Moles hardly come in contact with humans and other animals. Contact with other moles is also restricted to the mating period. The nature of their lifestyle thus makes them less harmful since humans and pets will rarely make contact with them.

However, it is important to note that moles have teeth. The teeth of moles are sharp and used for making prey out of worms and other small animals they feed on. When they are cornered and feel threatened, moles can bite. Mole bites may not be significant and could just look like marks made by staplers. Because of the sharp nature of their teeth, mole bites can cause bleeding when they are deep.

The danger attributed to contact with moles may be minimal because of their solitary and subterranean nature. Yet, it is not totally eliminated as moles can bite when they feel threatened or are attacked. They might not be aggressive, but if you try to catch them, they will try to defend themselves by biting or scratching. It is important to approach moles with this knowledge in mind. The danger associated with contacting moles can also be related to their solitary nature. Since they barely make contact with other creatures, they may interpret an innocent action as harmful. They are thus likely to attack a person out of panic.

Do moles have diseases?

It is also important to consider the health implications of contact with moles. Do moles carry diseases? Moles have been identified as carriers of rabies. When they bite humans or animals, they can spread rabies in the process. Mole scratches and bites should thus be associated with the risk of contracting rabies.

Apart from rabies that they transmit through their bites and scratches, the health implication of contact with moles can also be associated with the parasites they carry. Moles carry parasites such as ticks and fleas. Ticks and fleas are notable hosts for diseases such as Lyme disease, anaplasmosis and Rocky Mountain spotted fever.

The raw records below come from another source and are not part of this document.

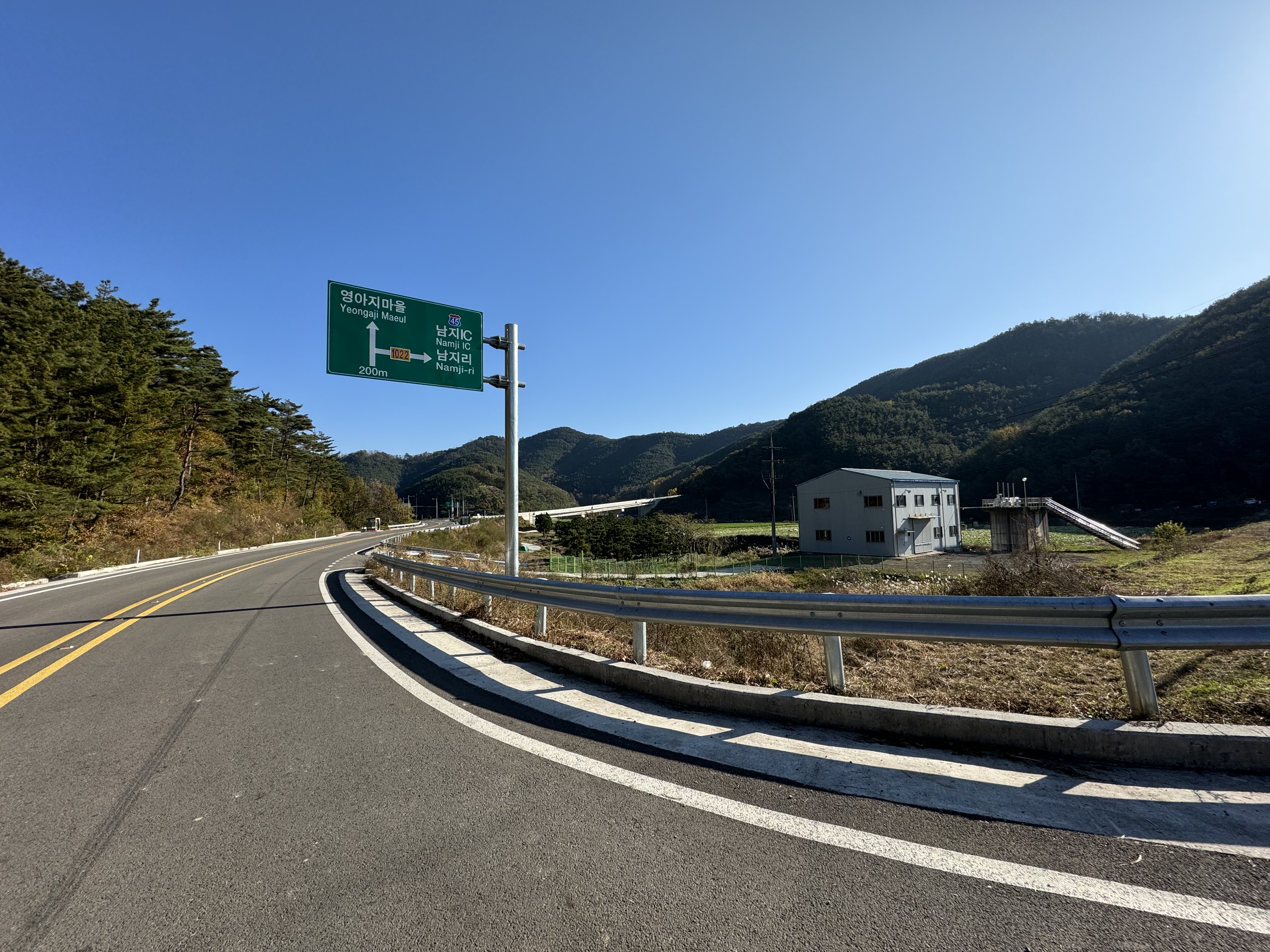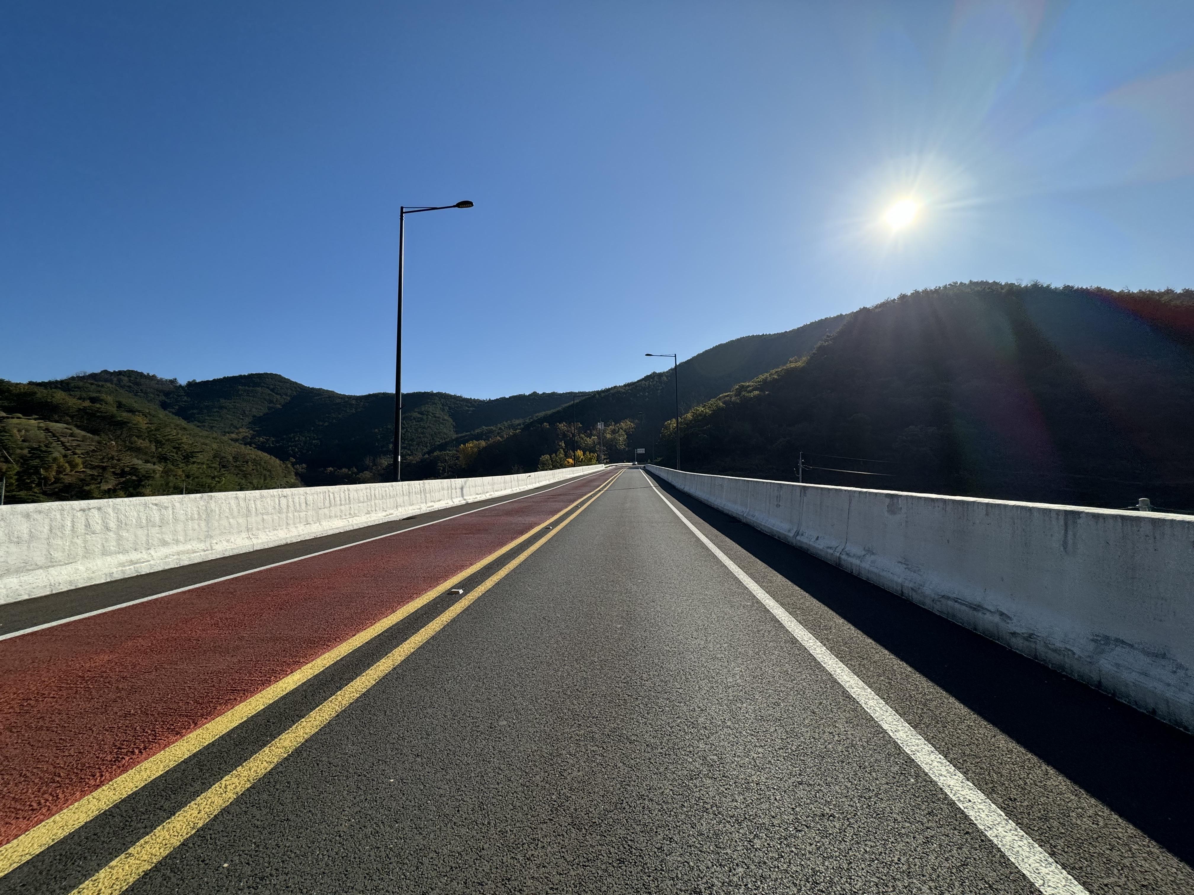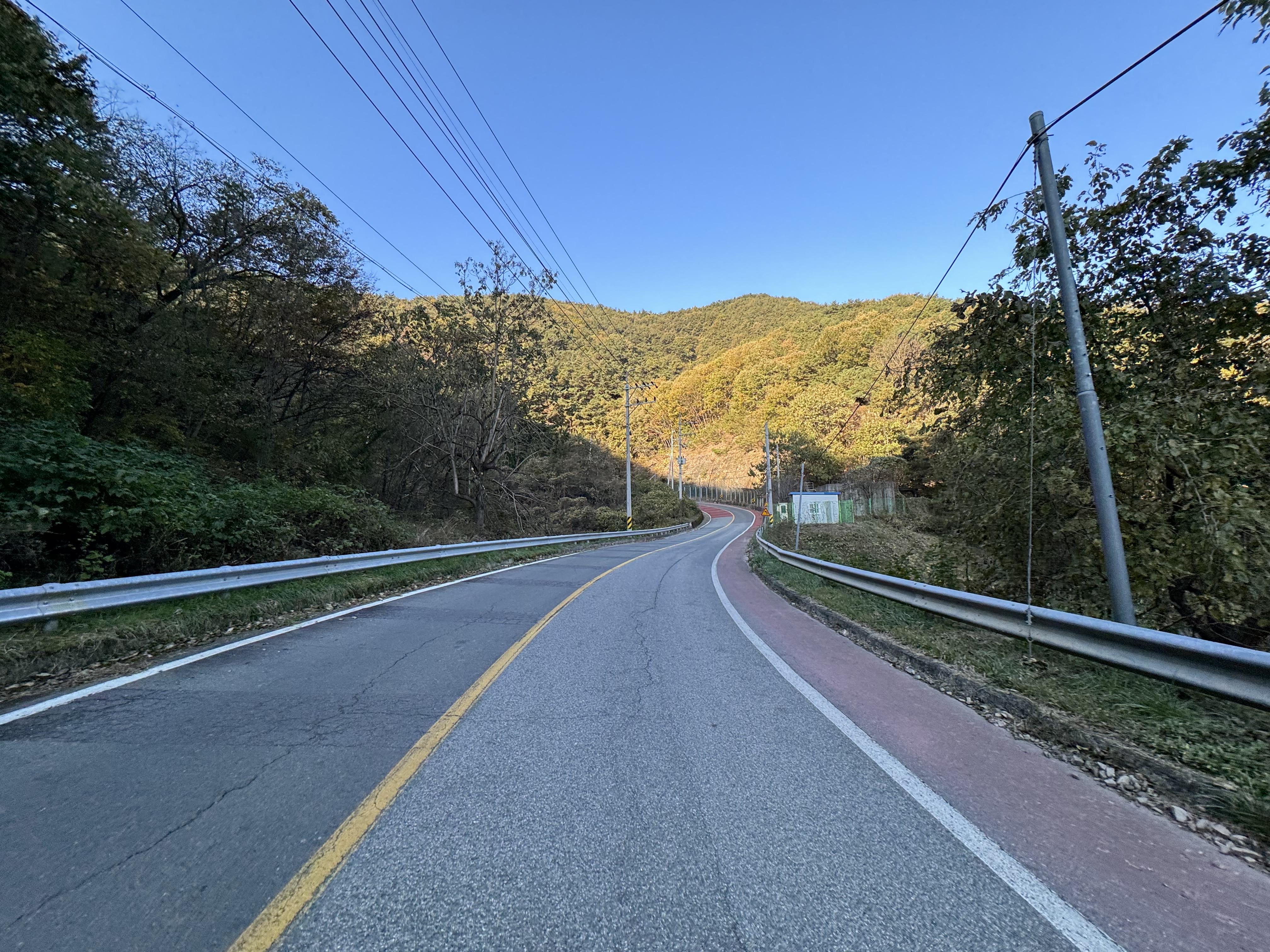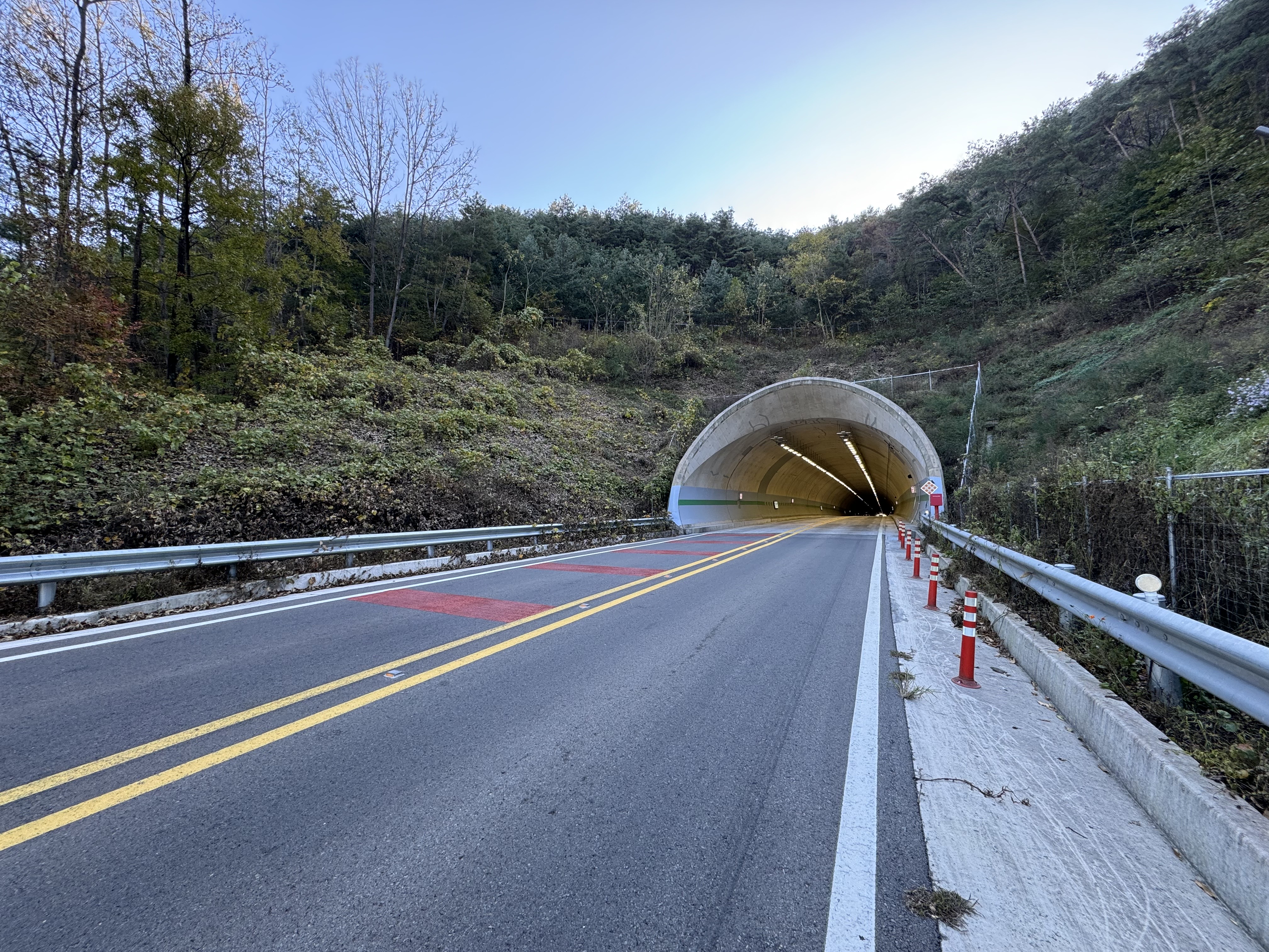 영아지 고개 우회길은 터널을 총 2개를 지나는데 첫 번째 터널은 오르막이었고 두 번째 터널은 내리막이었다. 첫 번째 터널을 지나면서는 우회길도 만만치 않네... 하고 생각 했다가 두 번째 터널을 지나면서는 첫 번째 터널에서 고생한 보상이 주어지는 느낌이었다. 진짜 이 다운힐이 계속해서 이어지면 좋겠다는 생각이 절로 들었다.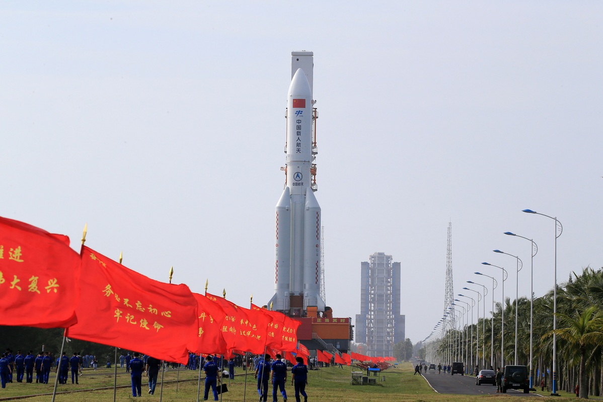 A photo shows China's Mengtian space lab module and its carrier, a Long March 5B rocket, being transported to a service tower at the Wenchang Space Launch Center in Hainan province, Oct 25, 2022. [Photo by Tu Haichao/For chinadaily.com.cn]
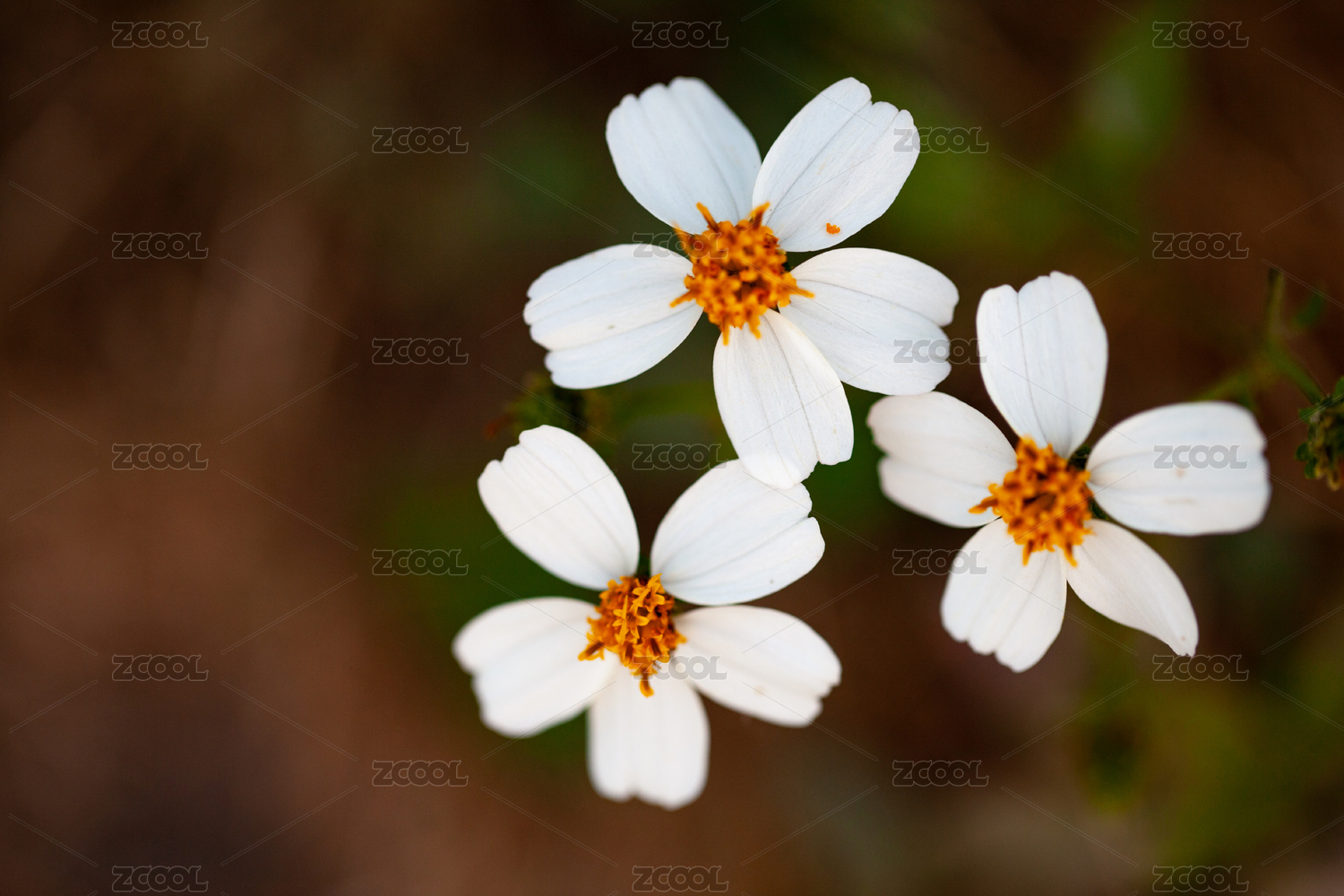 田园里盛开的几朵鲜花白色雏菊花卉特写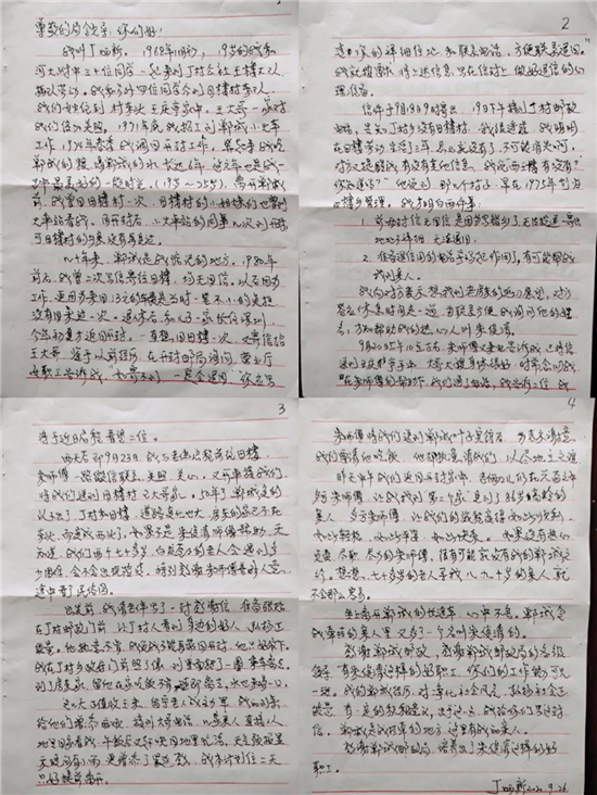 交談中,朱俊清得知寄信人丁阿姨是一名下鄉(xiāng)知青,收件人王先生是她插隊時的房東。從1968年至1971年底插隊時,丁阿姨與河南大學附屬中學的4位同學曾居住在王先生家,一住就是三年。三年間,王先生一家視她們如親人,在生活上為她們提供了很多力所能及的幫助。1971年,她調至鄲城縣小火車站工作;因工作需要,1974年她又調回老家開封。沒想到,這一別就是46年。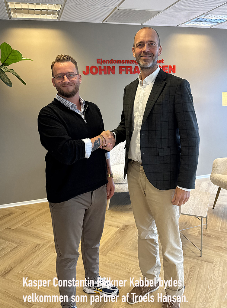 – Kasper har på kort tid vist et imponerende engagement og stærkt lederskab. Han er drevet af oprigtig interesse for kunderne og en høj faglighed – præcis de værdier, som kendetegner John Frandsen. Partnerskabet er et naturligt næste skridt, og jeg ser meget frem til fores fortsatte rejse på Fyn, udtaler Troels Hansen, ligeledes partner i Ejendomsmæglerfirmaet John Frandsen
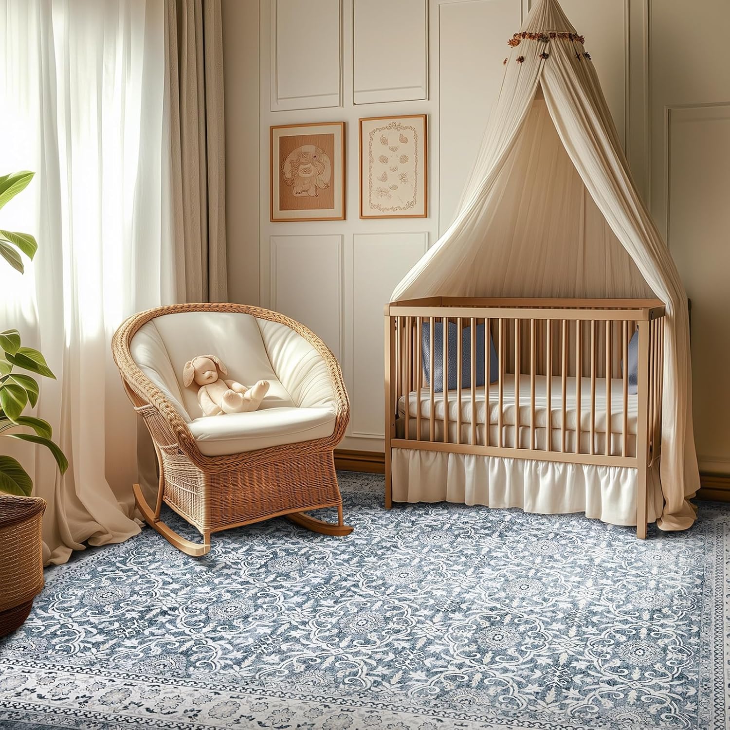 jinchan Floral 5x7 Area Rugs for Bedroom - Machine Washable Vintage Distressed Boho Design Throw Rug Stain Resistant Carpet Low-Pile Thin Non-Slip for Nursery Living Room Dining Room (5‘x7',Grey)

Moles pose a greater health risk through the parasites they carry more than the diseases that they can transmit. They transmit diseases when they bite or scratch humans and other animals including pets. For the parasites they carry, the transmission does not require bites or scratches. Fleas and ticks can attach to the skin of a suitable host after the host makes contact with a carrier. After the parasites attach to the skin of the new host and feed, they transmit the diseases they carry. Pets could be more prone to harm after contact with moles because ticks and fleas can adhere to their fur.

To summarize the content of this article: yes, moles can be dangerous; they can also transmit diseases. Contact with moles should thus be based on this knowledge and limited as much as possible.